### What to produce
Extract the full listing verbatim and drop any pictures from your copy.

### The input
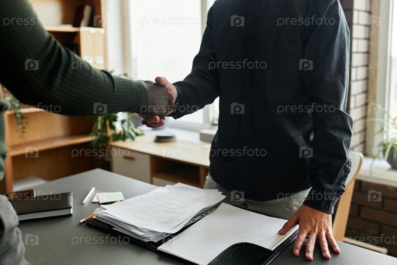 Различные коллеги, стоящие за столом и приветствующие друг друга рукопожатием
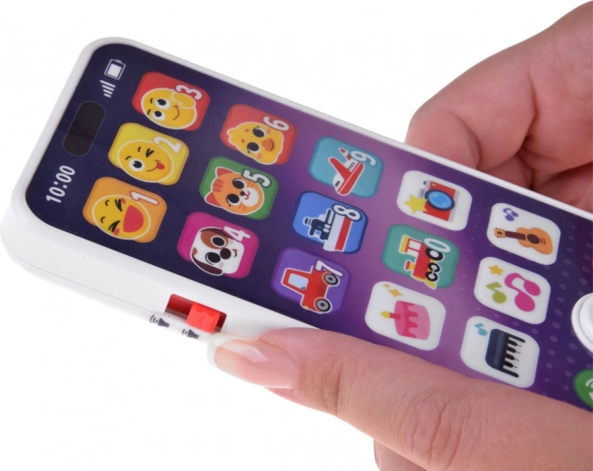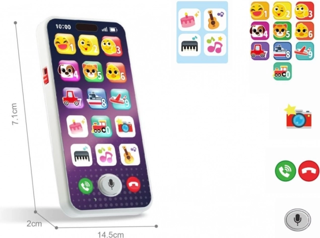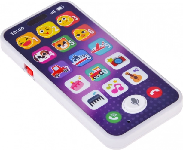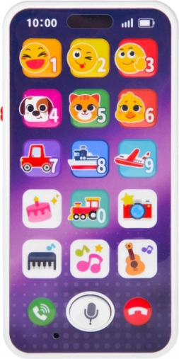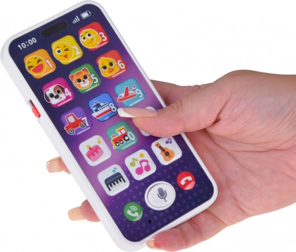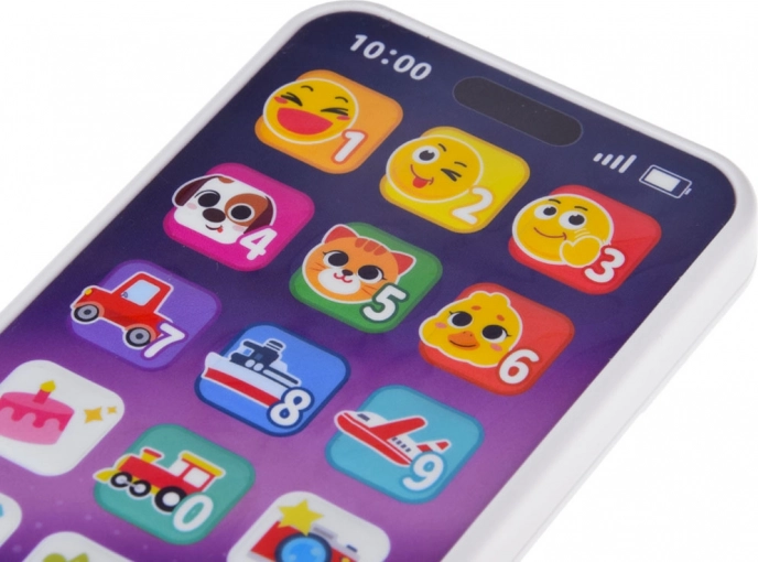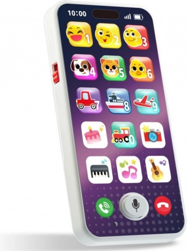 Farbiges, interaktives Telefon für die Kleinsten, das ein echtes Smartphone nachahmt und viel Spaß sowie Lernen bietet. Dank der großen Symbole lernt das Kind Zahlen, Tier- und Verkehrsgeräusche kennen und hört Melodien. Das Spielzeug ist leicht und flach gestaltet, liegt gut in kleinen Händen und verfügt über eine Lautstärkeregelung für entspanntes Spielen zu Hause und unterwegs.
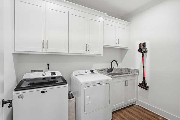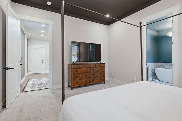 The primary suite is a true retreat, featuring a spa-inspired bath with a soaking tub, walk-in shower, and an impressive, oversized walk-in closet. A versatile bonus/flex suite with full bath offers ideal accommodations for guests, a private office, or additional living space. An unfinished 15x14 space above the primary presents a rare opportunity to customize and expand.
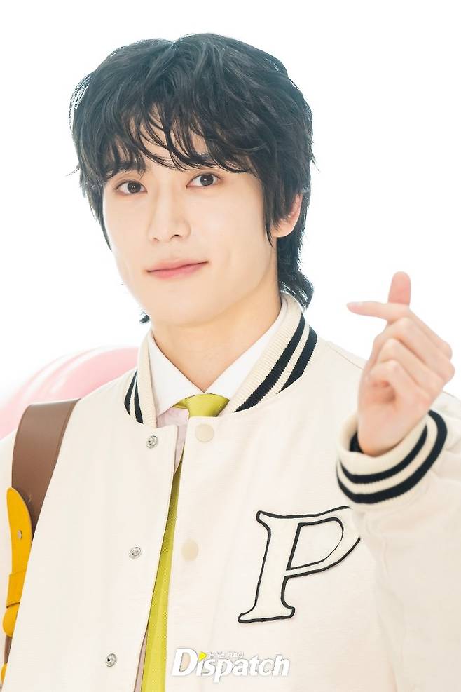 재현은 바시티 점퍼와 데님 팬츠로 멋을 냈다. 잘생긴 비주얼이 돋보였다.
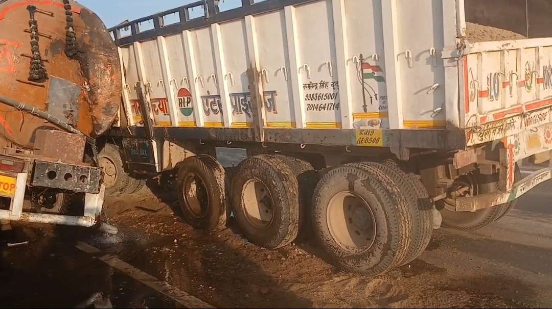 चाकसू (जयपुर): बजरी से भरे ट्रक ने केमिकल ट्रक को मारी टक्कर,
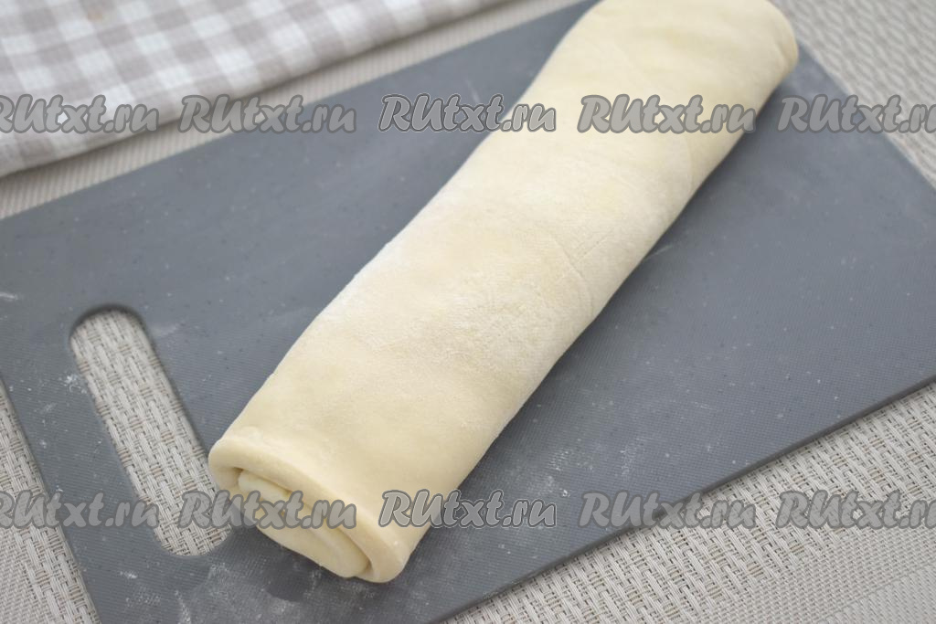 Начиная с более узкой стороны пласта, сворачиваем тесто с начинкой в неплотный рулет. Край теста немного смазываем водой и прижимаем к сформированному рулету. Выкладываем рулет швом вниз.

### Result below
 Различные коллеги, стоящие за столом и приветствующие друг друга рукопожатием
 Farbiges, interaktives Telefon für die Kleinsten, das ein echtes Smartphone nachahmt und viel Spaß sowie Lernen bietet. Dank der großen Symbole lernt das Kind Zahlen, Tier- und Verkehrsgeräusche kennen und hört Melodien. Das Spielzeug ist leicht und flach gestaltet, liegt gut in kleinen Händen und verfügt über eine Lautstärkeregelung für entspanntes Spielen zu Hause und unterwegs.
 The primary suite is a true retreat, featuring a spa-inspired bath with a soaking tub, walk-in shower, and an impressive, oversized walk-in closet. A versatile bonus/flex suite with full bath offers ideal accommodations for guests, a private office, or additional living space. An unfinished 15x14 space above the primary presents a rare opportunity to customize and expand.
 재현은 바시티 점퍼와 데님 팬츠로 멋을 냈다. 잘생긴 비주얼이 돋보였다.
 चाकसू (जयपुर): बजरी से भरे ट्रक ने केमिकल ट्रक को मारी टक्कर,
 Начиная с более узкой стороны пласта, сворачиваем тесто с начинкой в неплотный рулет. Край теста немного смазываем водой и прижимаем к сформированному рулету. Выкладываем рулет швом вниз.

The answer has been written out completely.